Member of Parliament, Lok Sabha
- In office 1951–1962
- Preceded by: Position established
- Succeeded by: Ajit Pratap Singh
- Constituency: Pratapgarh

Personal details
- Born: 3 August 1898 Pratapgarh, North-Western Provinces, British India
- Died: 26 June 1983 (aged 84) Pratapgarh, Uttar Pradesh, India
- Party: Indian National Congress
- Spouse: Annapurna Upadhyay
- Children: Kranti Kumar Upadhyay, Geeta Upadhyay & Meera Upadhyay

= Munishwar Dutt Upadhyay =

Munishwar Dutt Upadhyay (3 August 1898 – 26 June 1983) was an Indian politician, statesman, and leader in the Indian independence movement. He was a Member of Parliament from Pratapgarh, Uttar Pradesh, belonging to the Indian National Congress.

==Early life==
He was born 3 August 1898 in Lakshmanpur Village, Lalganj Tehsil of Pratapgarh district, Uttar Pradesh, to Gazadhar Prasad Upadhyay. He was an exceptionally bright student and learner. He matriculated from Somvanshi Higher Secondary School (PB Inter College), Pratapgarh and did his post-graduation at Kayastha Pathshala, Allahabad, and law education from Allahabad University. Soon he started working with the mayor's office in Allahabad. He married Annapoorna Upadhyay in 1933.

==Political life==
He was a member of the Constituent Assembly of India and was the only person from Pratapgarh who signed the draft of the Indian Constitution. Post-independence, he became the first candidate from Pratapgarh to become a Member of Parliament twice, once in 1951 in the first Lok Sabha elections, then again in 1957 in the second Lok Sabha elections.

After sweeping wins in the first two elections from the Pratapgarh constituency, he was defeated in the third Lok Sabha election by Jan Sangh candidate, Ajit Pratap Singh.

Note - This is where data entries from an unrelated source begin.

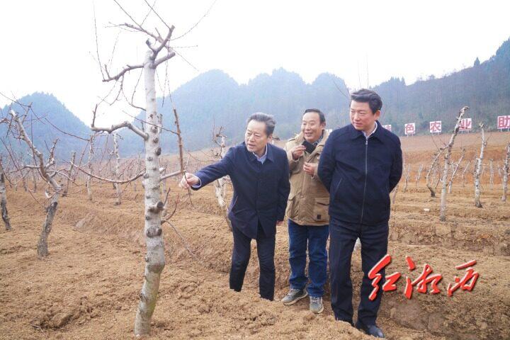 虢正貴調(diào)研十八洞特色農(nóng)業(yè)融合發(fā)展項(xiàng)目并實(shí)地察看果樹(shù)培管情況。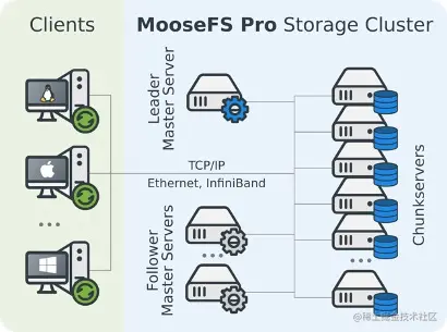 MooseFS正好是这个架构,如官方示意图所示,它将元数据服务称之为Master Server,将数据服务称之为Chunk Server。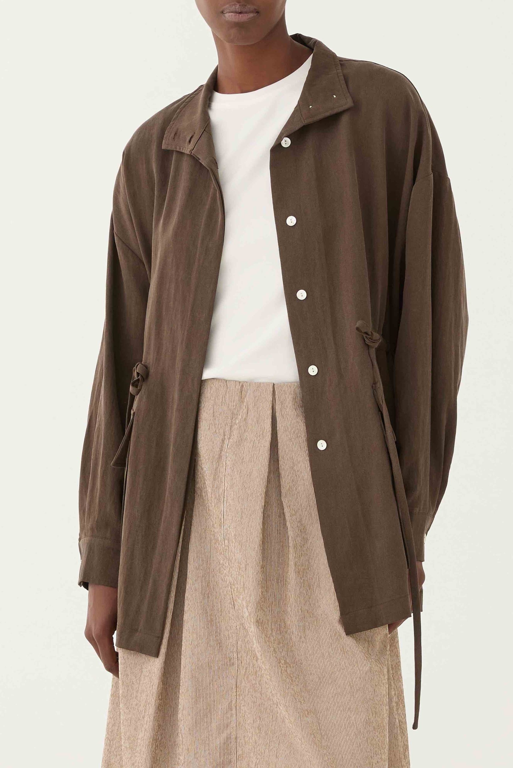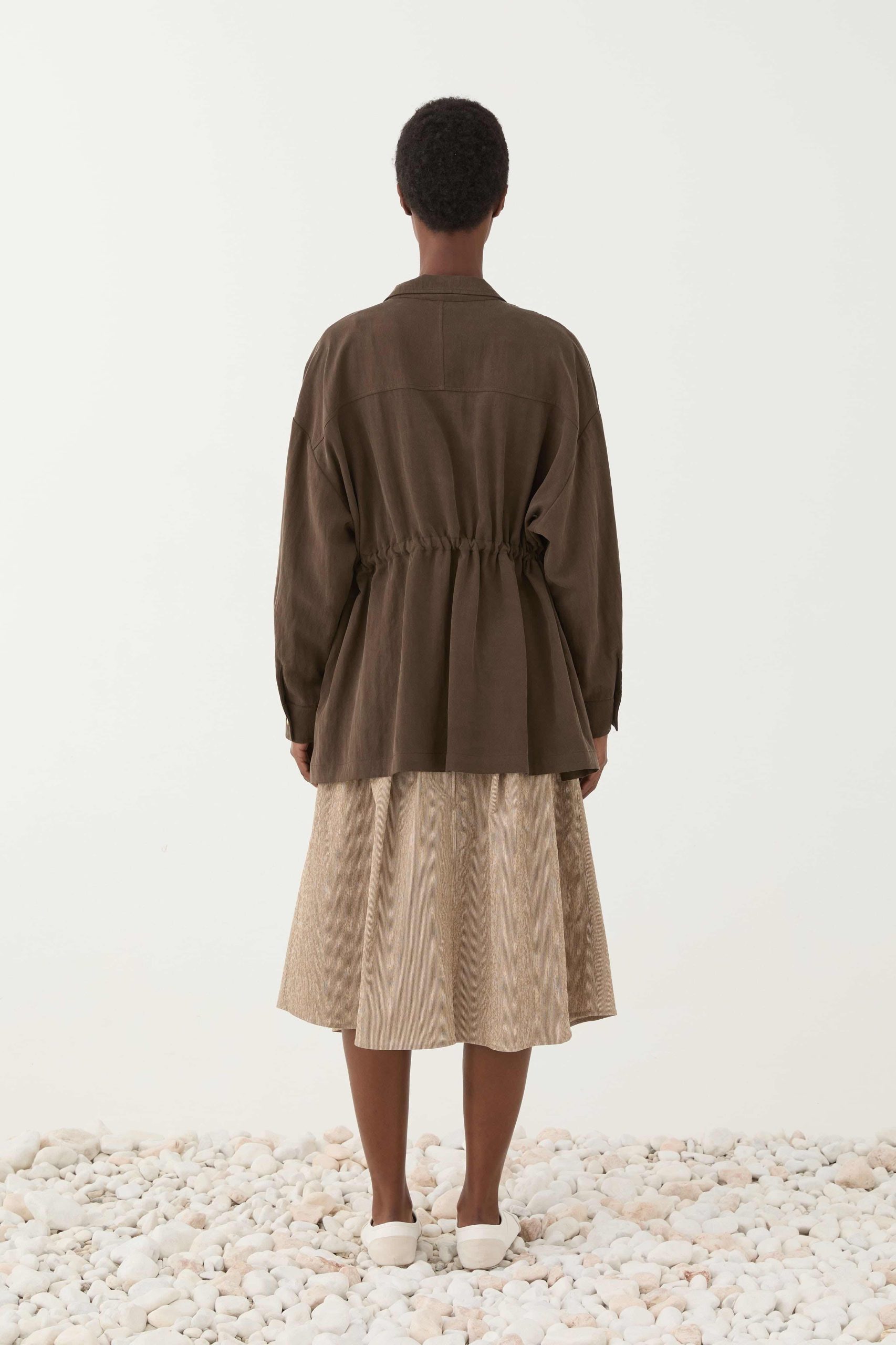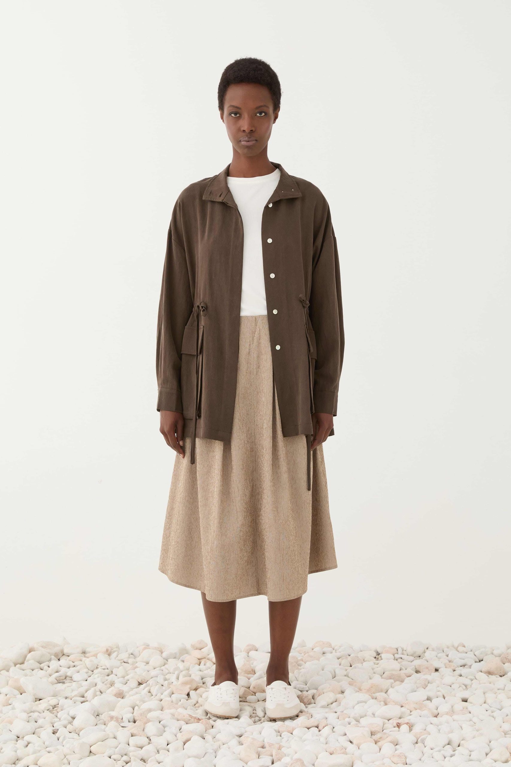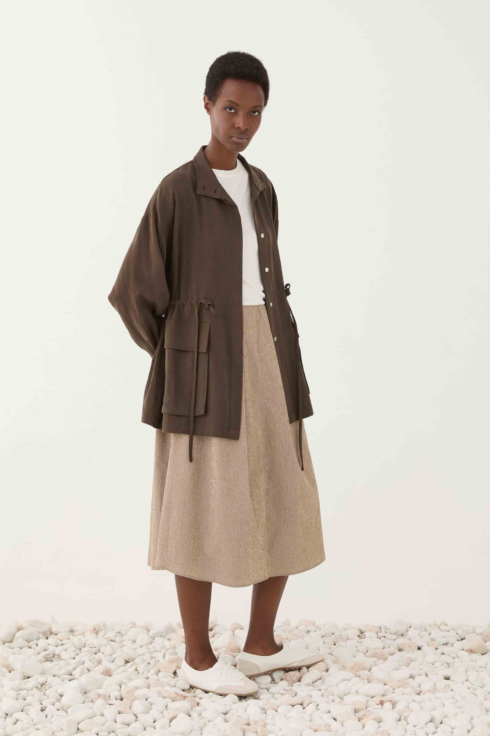 Διαθέτει κλείσιμο με κουμπιά μπροστά, χαλαρή γραμμή και ρυθμιζόμενη μέση με κορδόνι που σου επιτρέπει να το προσαρμόζεις στη σιλουέτα σου. Οι μεγάλες τσέπες προσθέτουν λειτουργικό χαρακτήρα, ενώ η γήινη καφέ απόχρωση το κάνει εύκολο στους συνδυασμούς.

He was secretary of the Congress Parliamentary Board and chairman of the Railway Reforms Committee. He also held the position of Revenue Minister in Uttar Pradesh Cabinet during C. B. Gupta's Chief Ministry for a short period between 1969 and 1970.

==Literary works==
- Kisan Sangathan
- Zamindari Pratha

==Death==
He died on 26 June 1983 in Pratapgarh and was survived by a son and two daughters.